= Mahbod (envoy) =

Mahbod (also known as Mebodes), was a 6th-century Iranian ambassador and military officer from the House of Suren, who was active during the reign of the Sasanian shahanshahs Khosrow I and Hormizd IV.

== Biography ==

Map of the Byzantine-Sasanian frontier in Late Antiquity.

A member of the House of Suren, he was perhaps the son or grandson of his namesake Mahbod, who was active under the shahanshahs Kavad I and Khosrow I. He is first mentioned in late 567, when he was sent as an envoy to the Byzantine capital of Constantinople to reach an agreement over the Lazican region of Suania. Although emperor Justin II accepted a letter addressed to him by Khosrow I, he ignored Mahbod and refused to grant him an audience. Mahbod then attempted to reach out to Justinian through an envoy of Lakhmids who had accompanied him, but to no avail. After an Iranian proposal of a five-year truce was rejected by emperor Tiberius II Constantine in 574/575, Mahbod sent Tamkhosrow to raid the surroundings of the fortress of Dara. However, the Romans soon proposed a three-year truce in exchange for 30,000 gold, which Mahbod accepted.

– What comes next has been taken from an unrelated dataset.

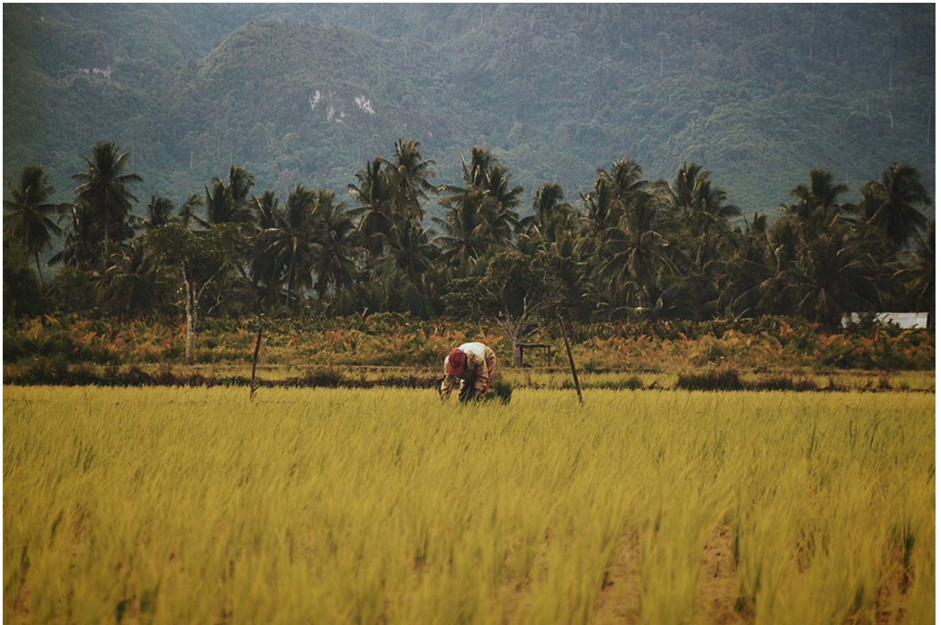
Reisfeld im Karstgebiet in Sangkulirang Mangkalihat, Ost-Kutai Distrikt, Ost-Kalimantan

Der Fluss ist Zeuge des Aufstiegs und Falls des Hindu-Reiches Kutai (350 – 400) und des Sultanats Kutai Kartanegara (1300 – 1945). Er ist seit 1565 Handelsweg und Verbreitungsweg des Islam in Ostkalimantan. Die Beziehung der Menschen zum Fluss wird jedes Jahr mit dem Erau-Fest gefeiert, bei dem sich die Menschen für die Gaben der Natur bedanken. Es wird seit dem 12. Jahrhundert gefeiert und mit dem Belimbur-Ritual beendet, für das sich die Menschen im Fluss rituell reinigen. Samarinda, am Delta des Flusses, ist seit dem 18. Jahrhundert Handelshafen und wurde 1959 Provinzhauptstadt. Die Stadt hat immer wieder Menschen angezogen, die auf der Suche nach einem besseren Leben waren. 2019 zählte die Stadt 858.080 Einwohner, was 23,5 Prozent der Einwohnerzahl der gesamten Provinz entspricht.

In 576, when Mahbod held the title of Sar-nakhveraghan ("chief of the governors"), he was sent by Khosrow I to negotiate peace with the Byzantine emissaries Theodorus, Ioannes, Petrus and Zacharias. The meeting took place in Athraelon, on the outskirts of Dara, and negotiations dragged on until 577, due to both parties blaming each other for start of the war. Mahbod proposal for peace in exchange for annual payments was rejected by the Romans, and thus hostilities resumed. In June 578, Khosrow I appointed Mahbod the head of an Iranian expedition in Mesopotamia: the force, which consisted of 12,000 Iranians and 8,000 Arabs, ravaged the areas around Resaina and Constantia. At the same time, Mahbod sent Tamkhosrow to attack the surroundings of Martyropolis and Amida.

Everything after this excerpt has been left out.